Roman Yampolskiy, a computer science professor at the University of Louisville and a prominent voice in AI safety, has warned that artificial general intelligence (AGI) could arrive as early as 2027—triggering mass job losses within just a few years.
Speaking on The Diary of a CEO podcast, Yampolskiy said: “First, anything on a computer will be automated. And next, humanoid robots are maybe five years behind. So, in five years, all the physical labour can also be automated.”
He predicts a dramatic upheaval of the global workforce by 2030. “We’re looking at a world where we have levels of unemployment we’ve never seen before. Not talking about 10 per cent unemployment, which is scary, but 99 per cent,” he said.
Yampolskiy suggested that the only roles likely to survive will be those where people specifically want a human touch. The professor argues that almost every profession, whether behind a desk, behind the wheel, or even in classrooms and studios, could be taken over by AI systems trained on massive datasets.
People, he said, consistently underestimate this. “I ask my Uber driver, ‘Are you worried about self-driving cars?’ And they go, ‘No, no one can do what I do.’ Professors say the same. But you understand it’s ridiculous.”
And it won’t just be knowledge work. By the end of the decade, he expects humanoid robots to be advanced enough to cook, repair, and even take on trades like plumbing, jobs often assumed to be safe from automation. “After this changeover, our world will look remarkably different,” he said.

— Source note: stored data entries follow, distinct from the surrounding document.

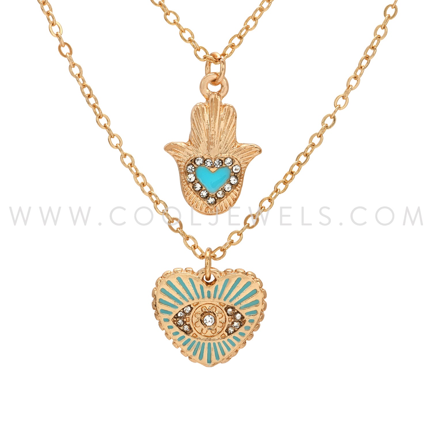 DOUBLE LAYER LINK CHAIN NECKLACE WITH HAMSA PENDANT AND HEART PENDANT
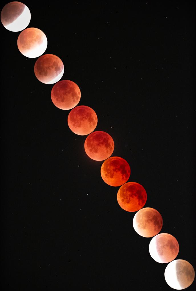 本次月全食将从3日傍晚开始,整个过程主要分为半影食始、初亏、食既、食甚、生光、复圆、半影食终七个阶段。其中全食阶段,也就是民间俗称的“红月亮”持续约1小时。
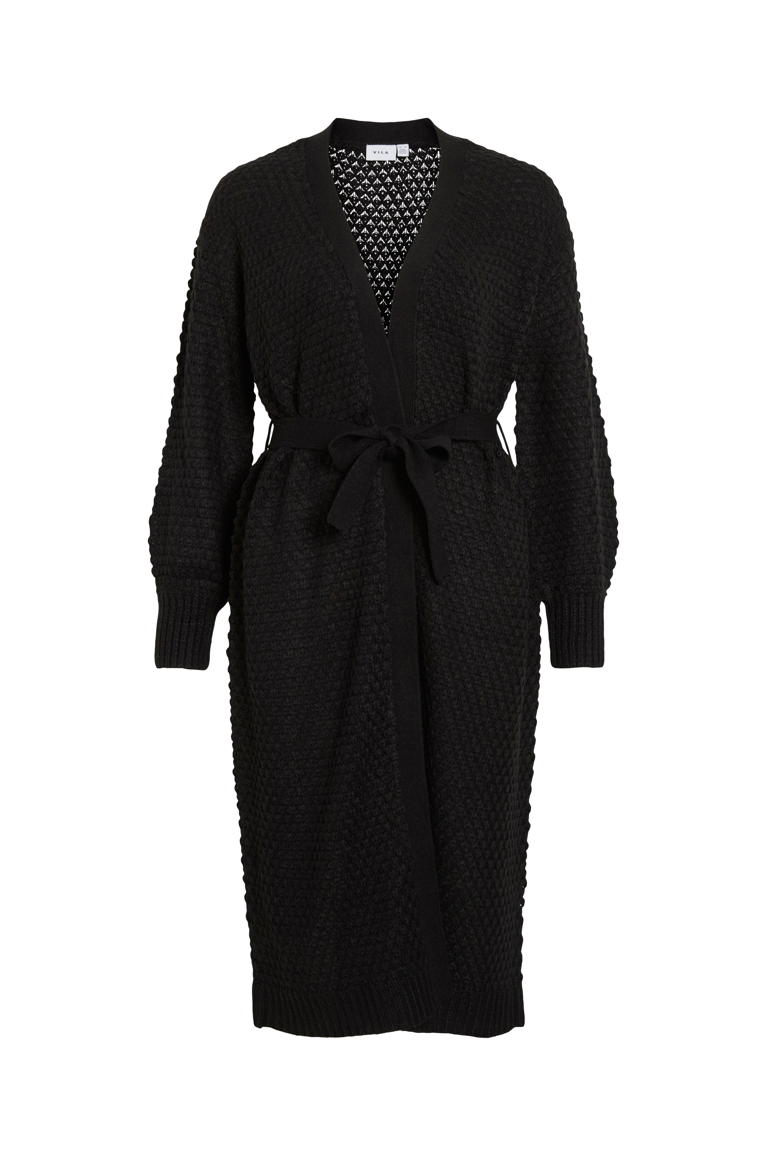 • Lang, strukturstrikket cardigan• Lange ærmer med elastikmanchetter ved ærmeafslutningerne• Aftageligt bæltespænde ved taljen• Ribstrik nederst
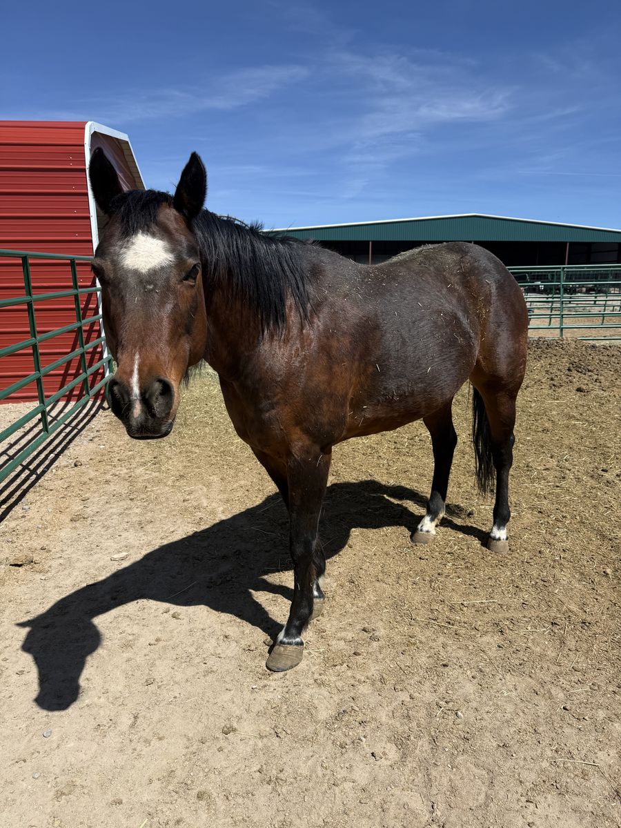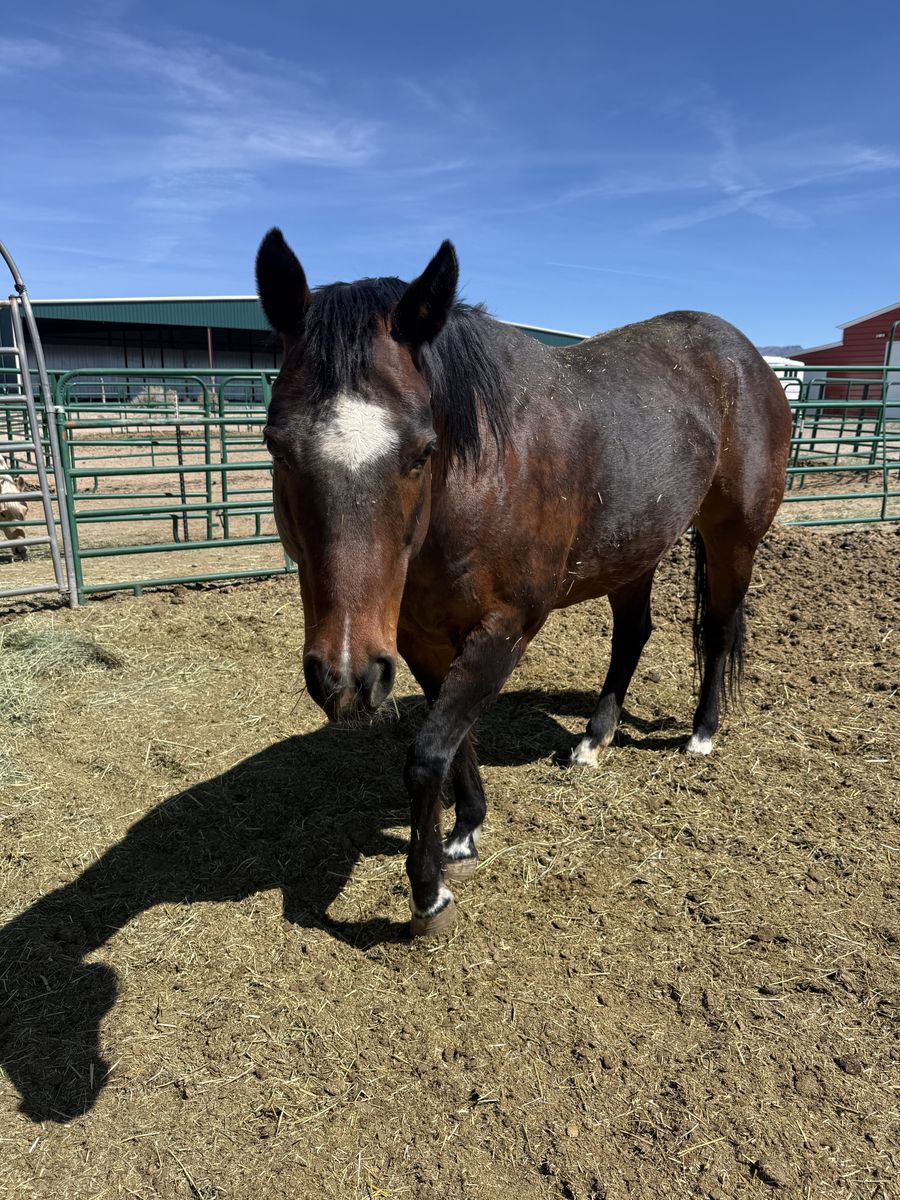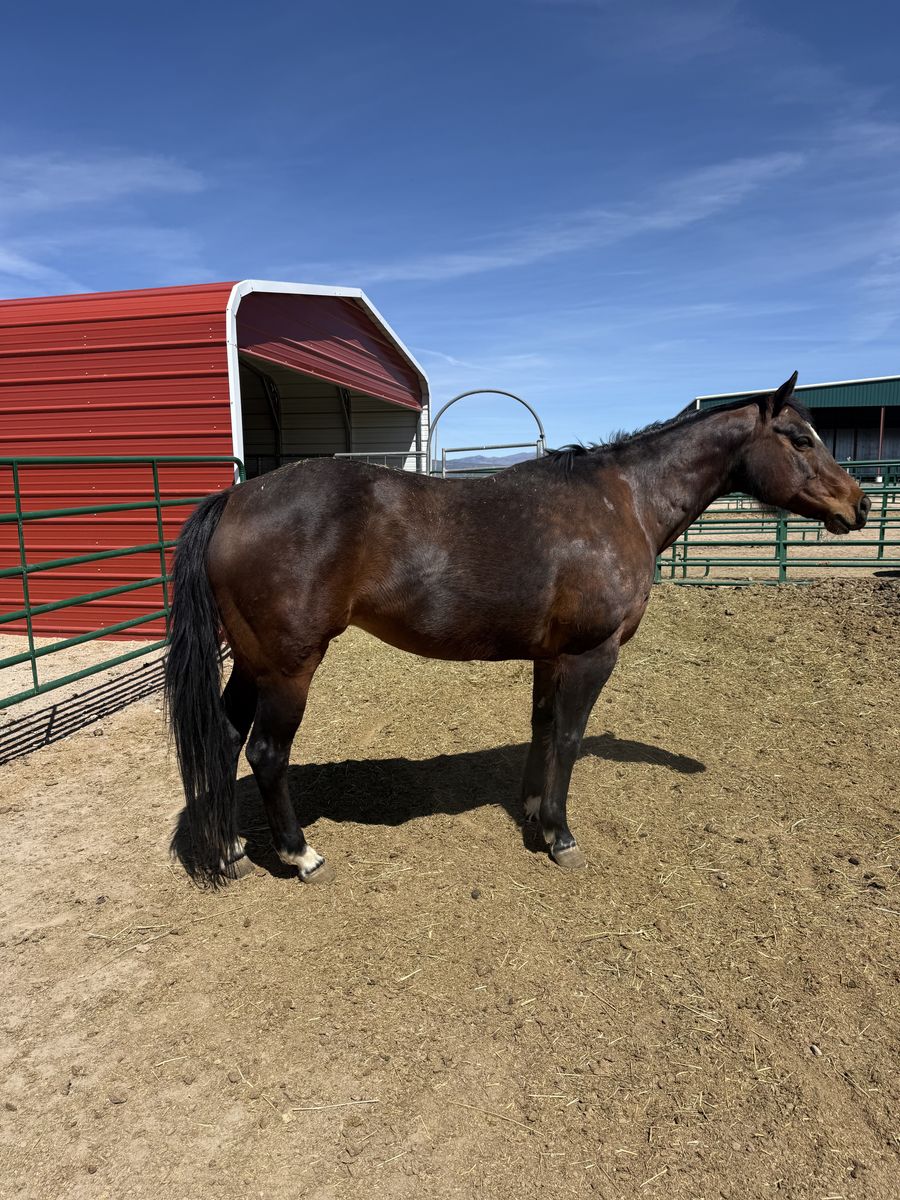 Sweetie is as easy as they come. She is a bay but has some dapple to her. She has only been used as a broodmare and is the best mom. She also lets you handle her babies as soon as they hit they ground. We are moving and have to downsize. That's the only reason we are selling her. She loads, trims and meets you at the gate to be caught. She has spent most of her life on pasture. Really great mare who has beautiful babies. Very friendly as you can tell by the photos.
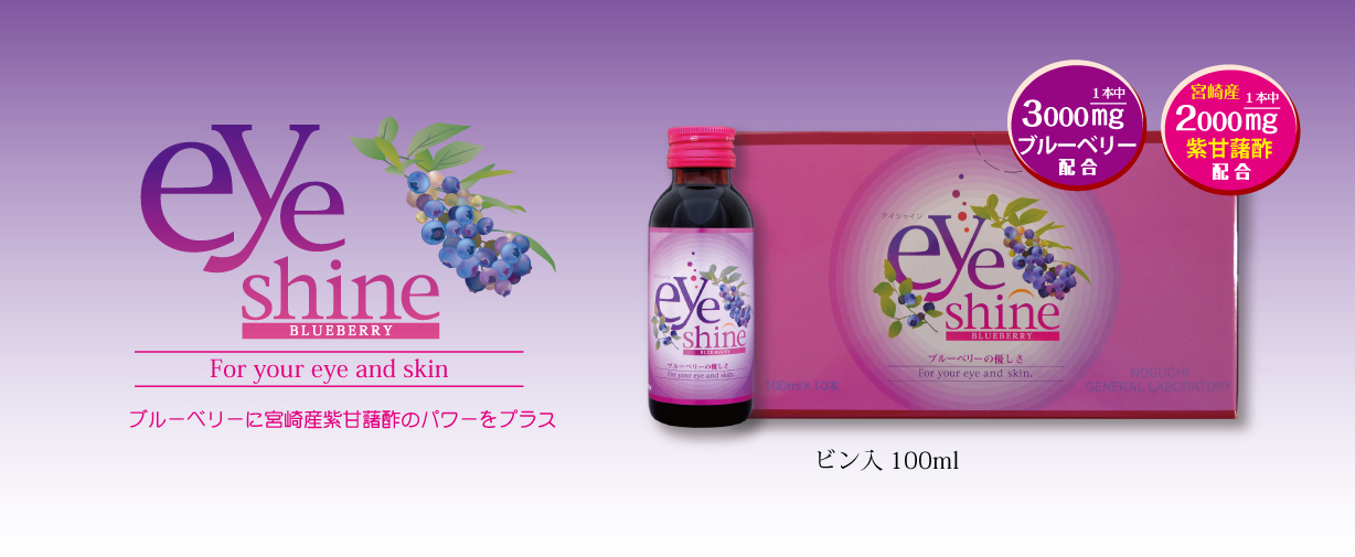 青紫色の果実であるブルーベリーには、抗酸化物質ポリフェノールのアントシアニンが含まれています。また、宮崎産紫さつまいもを醸造させた紫甘藷酢には、アントシアニンやクロロゲン酸などのポリフェノールが豊富に含まれています。紫甘藷酢にブルーベリーやカシスエキス、ハチミツなどを配合した赤ワイン色の健康ドリンク「アイシャイン」。ポリフェノールたっぷりで1本あたり36kcalと低カロリーなヘルシーで美味しいドリンクです。
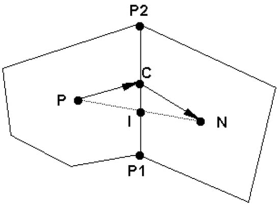 Schematic illustrating a polygon P, one of its neighboring polygon N and other point locations (Source: [45]).
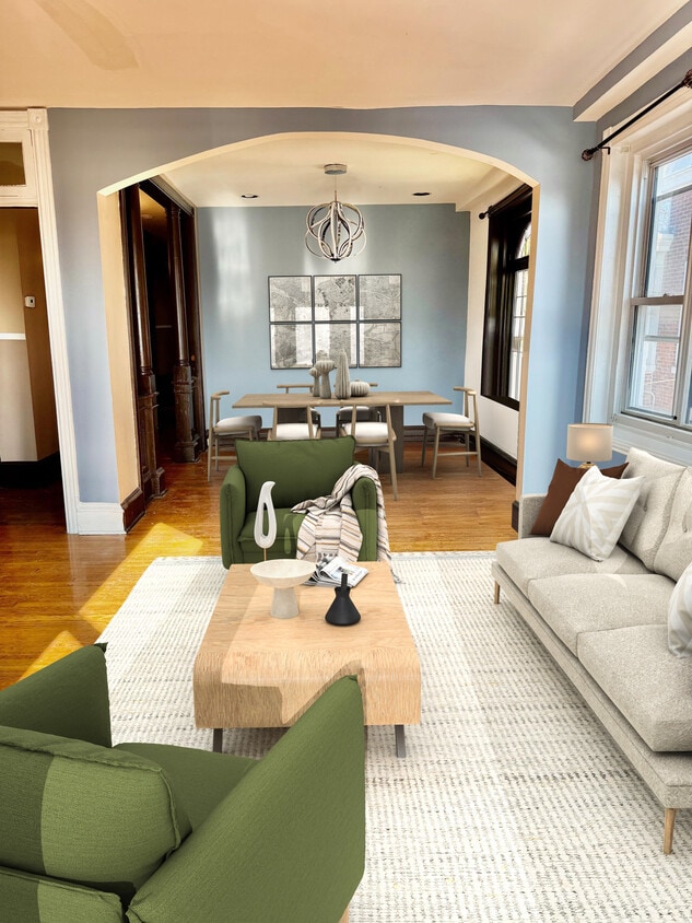 Welcome to 1115 Main St . This gracious building was a home in the late 1800’s. The entire 2nd floor is a very spacious 1,000 sf , one bedroom unit with many original finishes & features; high ceilings, custom Stain glass window, oversized windows throughout, Greek columns in the dining room. Some original hardwood floors and an building elegant entryway with arched doorways & home’s original hardwood handrails & baluster. Kitchen is very large 11x 11" with stainless appliances and plenty of cabinets and cooking area. Room for an eat -in, cafe table as well. Apartment features ample closet space too. A front porch is available for this unit’s use. One designated, off street parking space at rear driveway is included in lease. Apt available now. Good credit required. Ask agent for the requirements to qualify.
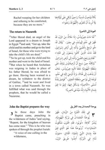A side-by-side New Testament of the bestselling New International Version (NIV) in English and the New Arabic Version (NAV), the most popular contemporary translation in the Middle East.
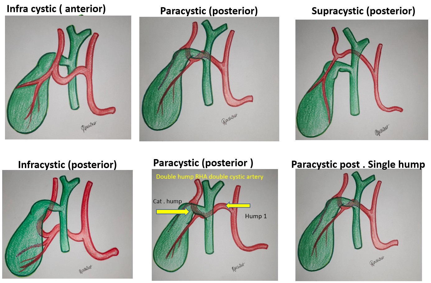 1) Supracystic: The hump is either anterior or posterior to CHD, superior to the cystic duct, nearer to hilum of liver. Here the cystic artery is long, originating from inferior part of loop hump. Due to long cystic artery, and hump remaining away from surgical dissection, mishaps are less during surgery
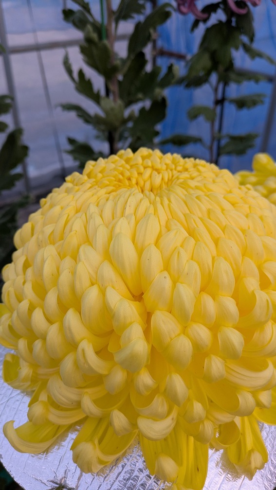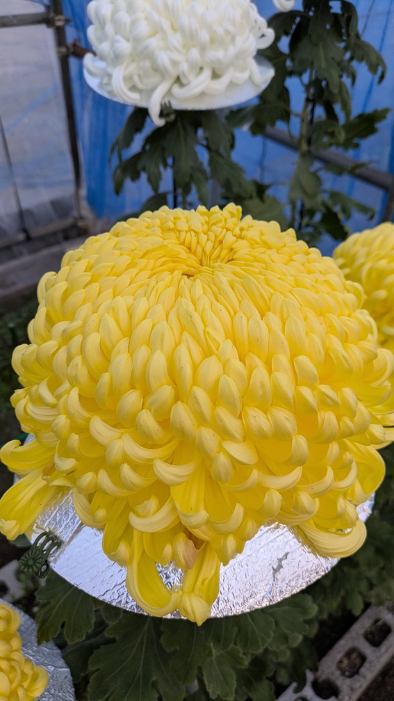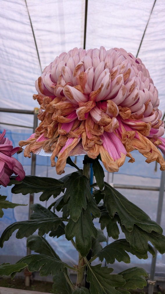 晴れハウス中の後片付けは気が乗らない。まだ満開になっていない普及花から切り落とす。5日ぶりに地植えを見に行くと金山が良く咲いている。鉢栽培に比べて弁質、色彩が違う。晴舞台は輪径が出たが花弁が腐ってしまった。来年は金山だけ作ってみようかな。
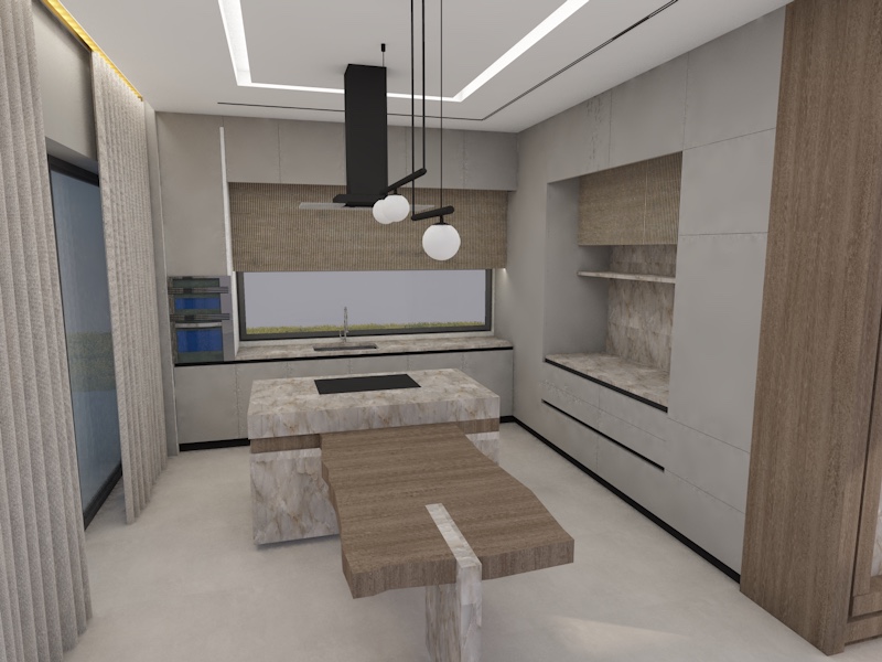 hidden lights under the upper boards make the white boards 9016 glossy and the brown above the sink wooden boards with 3d vertical lines keep the black details under the counter the counter must be glossy marble the floor is beige 60x120 matt tiles add decor and chairs remove the hidden light of the island

The challenge, Yampolskiy pointed out, won’t only be economic. While AI could generate immense “free wealth” by producing goods and services without human labor, possibly paving the way for solutions like universal basic income, the deeper problem will be psychological. For many, work is more than a paycheck; it’s tied to purpose and identity. Losing that anchor, he warns, could leave people adrift. “The hard problem is what do you do with all that free time? For a lot of people, their jobs are what gives them meaning in their life. So they would be kind of lost.”